脊髄超音波検査で脊髄脂肪腫が疑われた新生児の1症例

新潟医療センター、検査科;臨床検査技師1)、佐渡総合病院、検査科;臨床検査技師2)

あいち小児保健医療総合センター、小児科;小児科医3)

な か が わ とも や み や ざ き かつ よし さ い と う けい こ た じま なお や

中川 友也1)、宮崎 勝吉2)、斎藤 桂子2)、田島 直哉3)

背景:潜在性二分脊椎症では背部から腰仙部に皮膚異常などを伴うことが多く皮膚所見を認めた場合には脊髄評価を行うことが重要である。近年、超音波検査での脊髄評価の有用性が報告されている。今回、新生児の患児に行った超音波検査で脊髄脂肪腫が疑われた症例を経験したので報告する。

症例内容:患者は生後2日の女児で、腰仙部に毛髪を認めたため、脊髄超音波検査を施行した。脊髄超音波検査で、低位脊髄円錐と脊髄脂肪種が超音波検査で疑われた。精査のため核磁気共鳴画像法(MRI)を行い脊髄の評価をし、MRI ではT1強調画像で脊髄終糸脂肪腫を疑わせる縦走する高信号構造が認められた。

結論:脊髄脂肪腫は MRI と同様の所見であった。低位脊髄円錐は MRI と不一致であった。脊髄超音波検査は、非侵襲的であり新生児のスクリーニング検査として有用と考えられた。
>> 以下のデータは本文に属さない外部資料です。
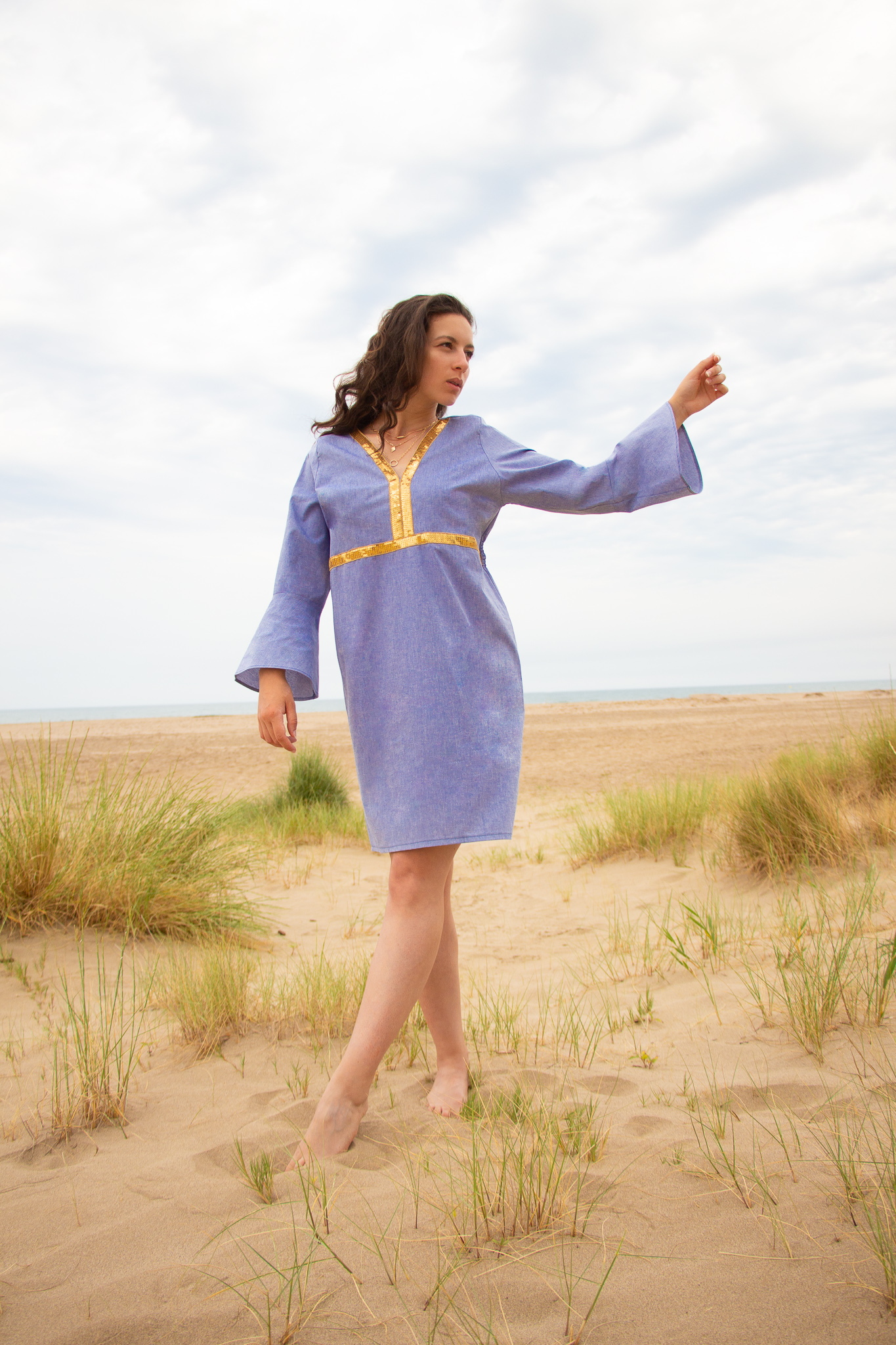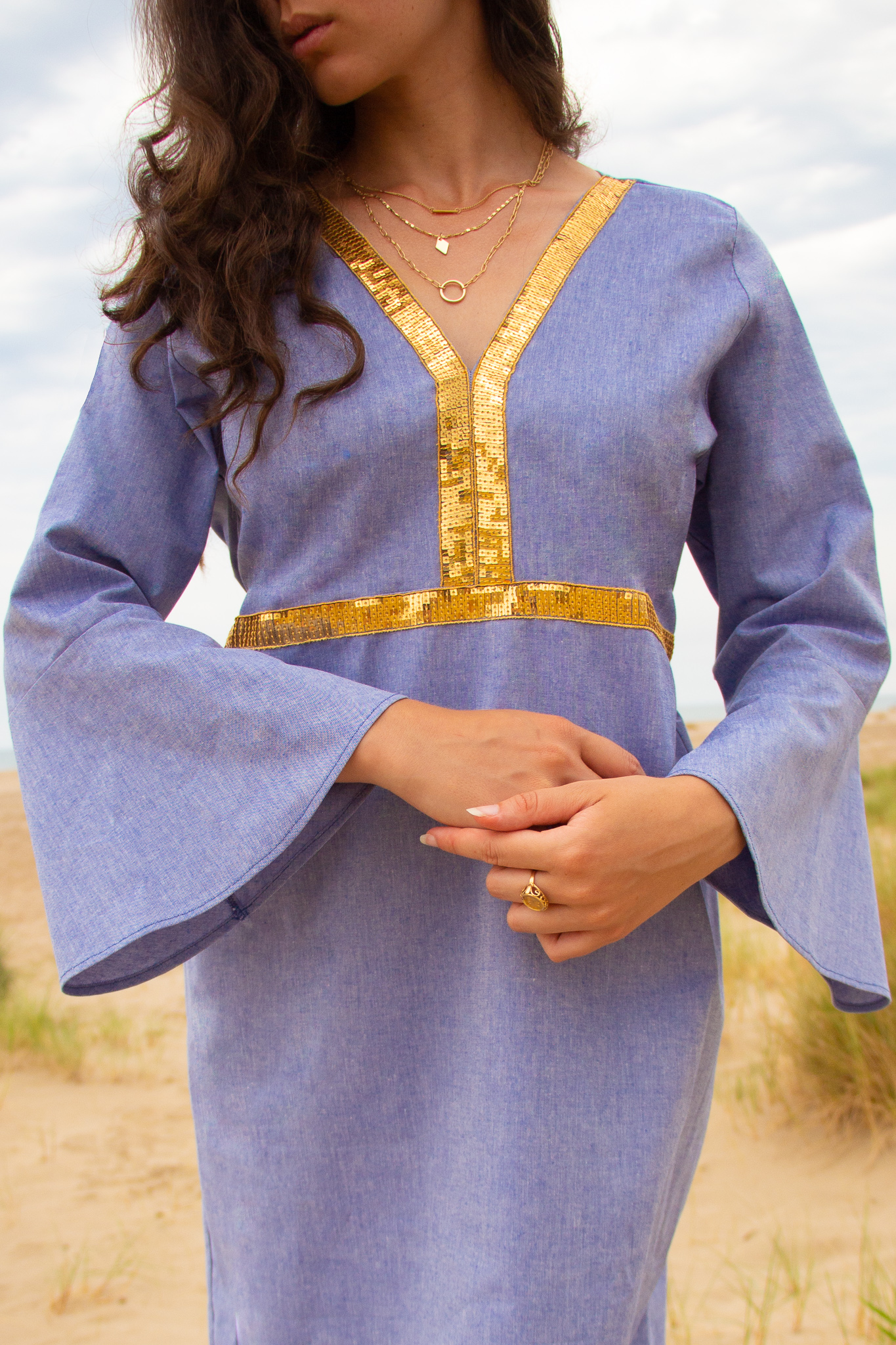 Une belle robe à sequins dorés ! Un magnifique coton bleu chambray de grande qualité Un décolleté V sublime Des manches trompette très tendance Une taille marquée et confortable grâce à plusieurs rangées de smocks dans le dos Une robe facile à porter, qui convient à toutes les morphologies

キーワード : 脊髄超音波検査、二分脊椎症、脊髄脂肪種、新生児、スクリーニング検査

背 景

小児の腰仙部にみられる脊髄疾患の多くは先天性であり、脊髄髄膜瘤のように出生後視診にて容易に診断される開放性二分脊椎症と、外表面に神経組織が露出せず神経症状を伴わないか軽微であるため発見や診断が困難な潜在性二分脊椎症の二つに大別される。潜在性では背部から腰仙部の正中付近に皮膚異常などを伴うことが多く、出生時に多毛、血管腫、皮膚小陥凹、皮膚洞、皮膚突起物などの皮膚所見を認めた場合には脊髄評価を行うことが重要である。潜在性では、脊髄脂肪腫などが原因で成長に伴い脊髄係留が起こり、症状の出現がきっかけで診断されることもあり、その後に治療しても改善しにくいことから、早期診断の必要があるといわれている。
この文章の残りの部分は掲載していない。